Ritual habit:
Abstract
My dissertation performance, Ritual Habit, is a music composition and dance choreography collaboration. This document is a written reflection of my experience with my collaboration with dancer and choreographer Andrea Trombetta. A composer or other artist seeking to collaborate with others might find this document to be a helpful resource and a case study of sorts. The concept of ritual forms the narrative of the piece, which is structured around the characteristics of ritual-like activities outlined by the late scholar Catherine Bell. These characteristics include formality, invariance, sacral symbolism, and performance. The element of mystery is another characteristic often involved in ritual that I incorporate into the piece. I discuss collaboration in its many forms, going into specific examples of music composer and choreographer collaborations. These examples include the following composer and choreographer pairs: Charles Griffes and Michio Ito, Otto Luening and Doris Humphrey, Pyotr Ilyich Tchaikovsky and Marius Petipa, Igor Stravinsky and Vaslav Nijinsky, and finally, John Cage and Merce Cunningham.
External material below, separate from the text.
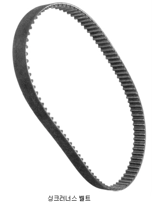 ÀÌ È£¿¡´Â ÄÁº£À̾î¿ëÀ̳ª Àüµ¿(transmission)¿ëÀÇ º§Æ®(belt)¿Í º§ÆÃ(belting)À¸·Î¼ °¡È²ÇÑ °í¹«¸¸À¸·Î µÇ¾î Àְųª °í¹«¸¦ ħÅõ¡¤µµÆ÷¡¤ÇǺ¹¡¤ÀûÃþÇÑ ¹æÁ÷¿ë ¼¶À¯Á÷¹°·Î ¸¸µç °ÍÀ̳ª °í¹«¸¦ ħÅõ¡¤µµÆ÷¡¤ÇǺ¹¡¤½ÃµåÇÑ(sheathed) ¹æÁ÷¿ë ¼¶À¯½Ç(textile yarn)À̳ª ²ö(cord)À¸·Î ¸¸µç °Í(ÀÌ ·ùÀÇ ÁÖ Á¦8È£ ÂüÁ¶)À» ºÐ·ùÇÑ´Ù. ÀÌ È£¿¡´Â ¶ÇÇÑ À¯¸® ¼¶À¯Á÷¹°¡¤À¯¸®¼¶À¯·Î º¸°ÇÏ¿´°Å³ª ±Ý¼Ó¼±À¸·Î µÈ õ(cloth)À¸·Î º¸°ÇÑ °¡È²ÇÑ °í¹«·Î ¸¸µç º§Æ®¿Í º§ÆÃµµ ºÐ·ùÇÑ´Ù. º§Æ®(belt)¿Í º§ÆÃ(belting)[°¡È²ÇÑ °í¹«¸¸À¸·Î ¸¸µç º§Æ®³ª º§ÆÃÀº Á¦¿ÜÇÑ´Ù]Àº º¸Åë ¸î °ãÀÇ Á÷¹°ÀûÃþ(°í¹« °¡°øµÇ¾ú´ÂÁö¿¡ »ó°ü¾ø´Ù. ¿¹: À§»ç¿Í °æ»ç·Î µÈ Á÷¹°¡¤¸Þ¸®¾ß½º Æí¹°À̳ª ¶ß°³Áú Æí¹°¡¤ÆòÇà»çÀÇ ÀûÃþ)À¸·Î ¸¸µç īĿ½º(carcass)³ª ÀüºÎ °¡È²ÇÑ °í¹«·Î ÇǺ¹ÇÑ Ã¶°Á¦ ÄÉÀ̺íÀ̳ª ½ºÆ®¸³À¸·Î µÇ¾î ÀÖ´Ù. ÀÌ È£¿¡´Â ÀÏÁ¤ÇÑ ±æÀÌ·Î ÀÌ¹Ì Àý´ÜµÈ º§Æ®(belt)[³¡°ú ³¡À» Á¢ÇÕÇϰųª ÆÄ½º³Ê(fastener)·Î °íÂø½ÃÄ×´ÂÁö¿¡ »ó°ü¾ø´Ù]´Â ¹°·Ð ÀÏÁ¤ÇÑ ±æÀÌÀÇ º§ÆÃ(belting)(±× ÈÄ¿¡ ÀÏÁ¤ÇÑ ±æÀÌ·Î Àý´ÜÇϱâ À§ÇÑ °Í)À» Æ÷ÇÔÇϸç; ¿£µå¸®½º(endless) º§Æ®µµ Æ÷ÇÔÇÑ´Ù. ÀÌ·¯ÇÑ ¹°Ç°Àº ¸ðµÎ Á÷»ç°¢Çü¡¤»ç´Ù¸®²ÃÇü[ºêÀ̺§Æ®(V-belt)¿Í ºêÀ̺§ÆÃ(V-belting)]¡¤¿øÇüÀ̳ª ±× ¹ÛÀÇ È¾´Ü¸éÀ¸·Î µÇ¾î ÀÖ´Ù. »ç´Ù¸®²ÃÇü Ⱦ´Ü¸éÀÇ º§Æ®(belt)³ª º§ÆÃ(belting)Àº À̵éÀÇ ¹°Ç° Ⱦ´Ü¸é¿¡ Çϳª ÀÌ»óÀÇ "ºêÀÌ(¥´)" ¸ð¾çÀ» °¡Áö°í ÀÖ´Ù. "ºêÀÌ(¥´)"Ç¥¸éÀº À¯¿ëÇÑ ½û±â(wedging) ÀÛ¿ëÀ» ÇÏ´Â °Í°ú ÃÖ¼Ò ¹Ì²ô·¯ÁüÀ» À§ÇÏ¿© ÇÑÂÊ ¸é¿¡ ½Ãºê(sheave)°¡ ÁغñµÇµµ·Ï µðÀÚÀÎµÈ °ÍÀÌ´Ù. ÀÌ ¹üÁÖ¿¡´Â ¿¹·Î½á, ´ÙÀ½°ú °°Àº Ⱦ´Ü¸éÀ» °¡Áö´Â º§Æ®³ª º§ÆÃÀ» Æ÷ÇÔÇÑ´Ù.(A) ´ÜÀÏ »ç´Ù¸®²Ã ÇüÀÇ °Í (B) ¸ÂÀºÆí¿¡ »ç´Ù¸®²Ã ÇüÀÇ °Í (C) °°Àº ¸é¿¡ µÑ ÀÌ»óÀÇ »ç´Ù¸®²ÃÇüÀÇ °Í[ºêÀÌȨ(¥´)ÀÌ ÆÐÀÎ °Í] ºêÀÌ(¥´)ȨÀÌ ÆÐÀÎ º§Æ®´Â ¸¶Âû¿¡ ÀÇÇØ¼ ¸ð¾çÀÌ ºñ½ÁÇÑ µµ¸£·¹ÀÇ È¨°ú ¸Â¹°¸®°í ȨÀ» Àâ¾ÆÁÖ´Â, ¼¼·Î¹æÇâÀ¸·Î ÆÐÀÎ ¸¶Âû¸éÀÌ ÀÖ´Â ¿£µå¸®½º(endless) º§Æ®ÀÌ´Ù. ºêÀÌ(¥´)ȨÀÌ ÆÐÀÎ º§Æ®´Â ºêÀ̺§Æ®(V-belt)ÀÇ ÇÑ ÇüÅÂÀÌ´Ù. ºêÀ̺§Æ®(V-belt)³ª º§ÆÃ(belting)¿¡¼ Ȩ(groove)(ÁÖÇüÀ¸·Î Ç߰ųª¡¤Àý´ÜÇÑ °Í)Àº ¾Ð¹ÚÀ» °¨¼ÒÇϰųª¡¤±Þ¼ÓÇÑ ±ÁÈûÀ¸·ÎºÎÅÍ ¿ÀÇ ¹ß»ç¸¦ µµ¿ÍÁØ´Ù. À̰ÍÀÇ Æ¯È÷ Áß¿äÇÑ °ÍÀº °í¼ÓÀ¸·Î ±¸µ¿ÇÏ´Â Áß¿¡´Â º§Æ®°¡ ÀÛÀº ½Ãºê(sheave)·ÎºÎÅÍ ¹þ°ÜÁö´Â °ÍÀ» ¸·¾ÆÁÖ´Â ¿ªÇÒÀ» ÇÑ´Ù. ¼¼·Î¹æÇâÀÇ È¨À» Á¦¿ÜÇÑ È¨Àº ºêÀ̺§Æ®³ª º§ÆÃÀÇ Ç°¸ñºÐ·ù¿¡ ¿µÇâÀ» ¹ÌÄ¡Áö´Â ¾Ê´Â´Ù. ½ÌÅ©·¯³Ê½ºº§Æ®(synchronous belt)(±×¸² ÂüÁ¶)´Â ½Ãºê(sheave) »çÀÌ¿¡¼ ÀÏÁ¤ÇÑ È¸Àü °ü°è¸¦ À¯ÁöÇϰí ÀÖ´Â µ¿¾È ÈûÀ» Àü´ÞÇϵµ·Ï ¼³°èÇÏ¿´´Ù. ¿Ï¼ºÇ°Àº ÈçÈ÷, ŸÀֺ̹§Æ®(timing belt)·Î ´Ü¼øÈ÷ ÀÏÄþîÁø´Ù. Åé´Ï ¸ð¾çÀÇ ½Ãºê·Î ºÎµå·´°Ô ÀÛµ¿Çϵµ·Ï ´ë°³ º§Æ®(belt)ÀÇ ¾ÈÂÊ ¾ç¸é À§¿¡´Â VÀÚÇü Åé´Ï ¸ð¾çÀÇ ³ëÄ¡(notch)°¡ ÀÖ´Ù. ½ÌÅ©·¯³Ê½º º§Æ®³ª º§ÆÃÀº »ç´Ù¸®²ÃÇü Ⱦ´Ü¸éÀ» °¡Áö°í ÀÖÁö ¾Ê´Ù. ÀÌ È£ÀÇ º§Æ®´Â ½½¸®ºê(sleeve)(°ü) ¸ð¾çÀ¸·Î Á¦½ÃÇϱ⵵ Çϴµ¥ ÀÌ ½½¸®ºê¿¡¼ ¿Ï¼º ǰ¸ñÀ¸·Î Àý´ÜµÉ ¼ö°¡ ÀÖÀ¸¸ç; ÀÌ ¸ð¾çÀº ºÐ·ù¿¡ ¿µÇâÀ» ¹ÌÄ¡Áö ¾Ê´Â´Ù. ÄÁº£À̾î¿ëÀ̳ª Àüµ¿(transmission)¿ëÀÇ º§Æ®(belt)³ª º§ÆÃ(belting)Àº ±â°è³ª ±â±â(±â°è³ª ±â±â¿¡ ÀåÄ¡µÇ¾ú´ÂÁö¿¡ »ó°ü¾ø´Ù)¿Í ÇÔ²² Á¦½ÃÇÏ¸é ±× ±â°è³ª ±â±âÀÇ ÇØ´ç ¼¼¹ø¿¡ ºÐ·ùÇÑ´Ù(¿¹: Á¦16ºÎ).

I also discuss Henry Cowell’s technique of elastic form as a useful tool for collaborative work, as well as Alwin Nikolais’s total theater concept to show what can be derived from a “one-man show.” After introducing the archetypes of ritual that are used to structure my piece, I discuss the form and the narrative of Ritual Habit, section by section. I include discussion of instrumentation, the sound sources of the electronics, the ways in which these sounds were manipulated, and the spatialization of the fixed and live electronics. I describe the dancers’ movements as they pertain to the ritual structure and to the music. I end my dissertation with a discussion of ways in which the collaborators take on the production roles and the idea of a true collaboration being one that results in the expansion of a person’s capacity.